_Dataset content_
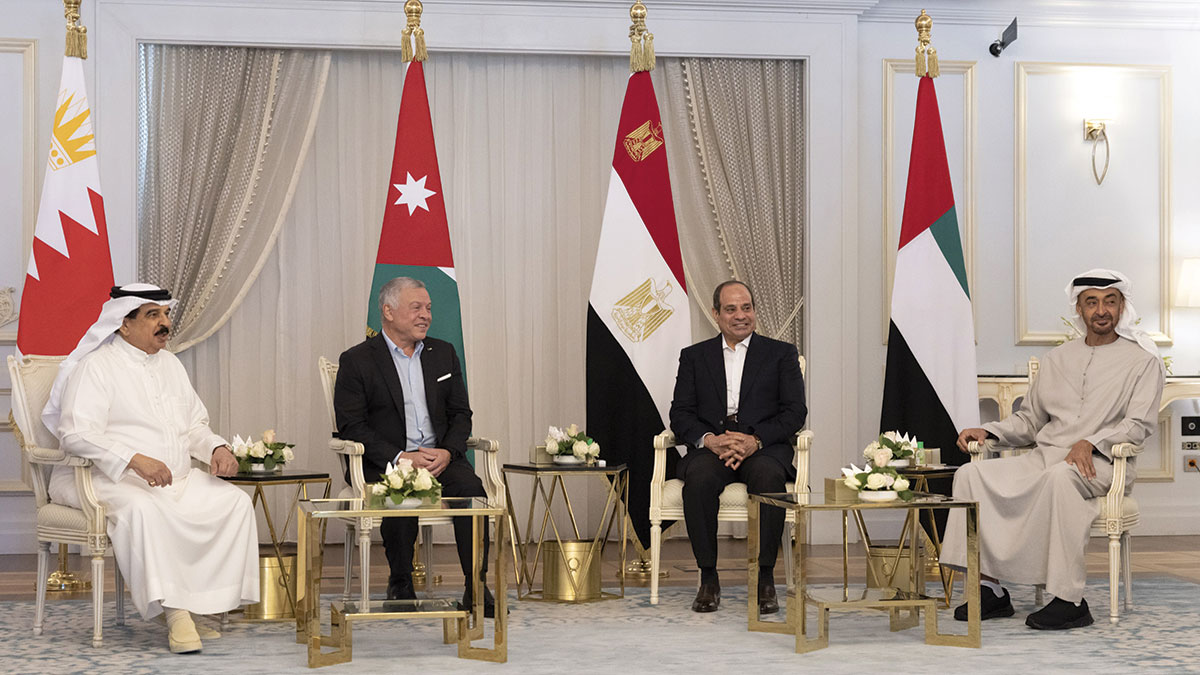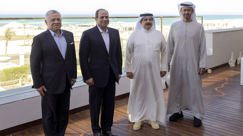حضر صاحب السمو الشيخ محمد بن زايد آل نهيان، رئيس الدولة، أمس، «لقاء العلمين» التشاوري الأخوي الذي دعا إليه رئيس جمهورية مصر العربية الشقيقة عبدالفتاح السيسي، بمشاركة عاهل مملكة البحرين، الملك حمد بن عيسى آل خليفة، وعاهل المملكة الأردنية الهاشمية، الملك عبدالله الثاني بن الحسين.
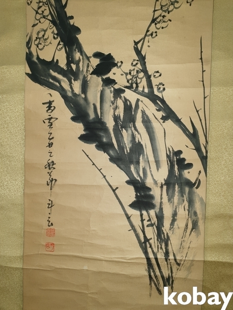 유명화가 작품으로 보이는 종이에 그린 수묵화 족자입니다.
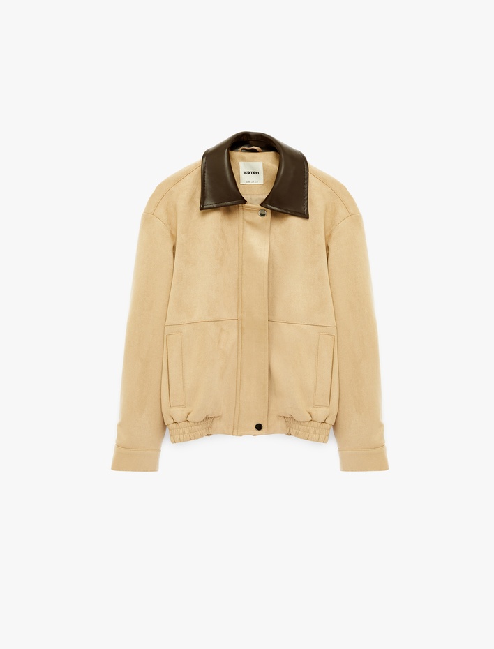 Suni Kürk Yaka Rahat Kalıp Fermuarlı Cep Detaylı Bomber Ceket

_Work to complete_
Repeat the data in full and exactly. Omit pictures.

_Your solution_
حضر صاحب السمو الشيخ محمد بن زايد آل نهيان، رئيس الدولة، أمس، «لقاء العلمين» التشاوري الأخوي الذي دعا إليه رئيس جمهورية مصر العربية الشقيقة عبدالفتاح السيسي، بمشاركة عاهل مملكة البحرين، الملك حمد بن عيسى آل خليفة، وعاهل المملكة الأردنية الهاشمية، الملك عبدالله الثاني بن الحسين.
 유명화가 작품으로 보이는 종이에 그린 수묵화 족자입니다.
 Suni Kürk Yaka Rahat Kalıp Fermuarlı Cep Detaylı Bomber Ceket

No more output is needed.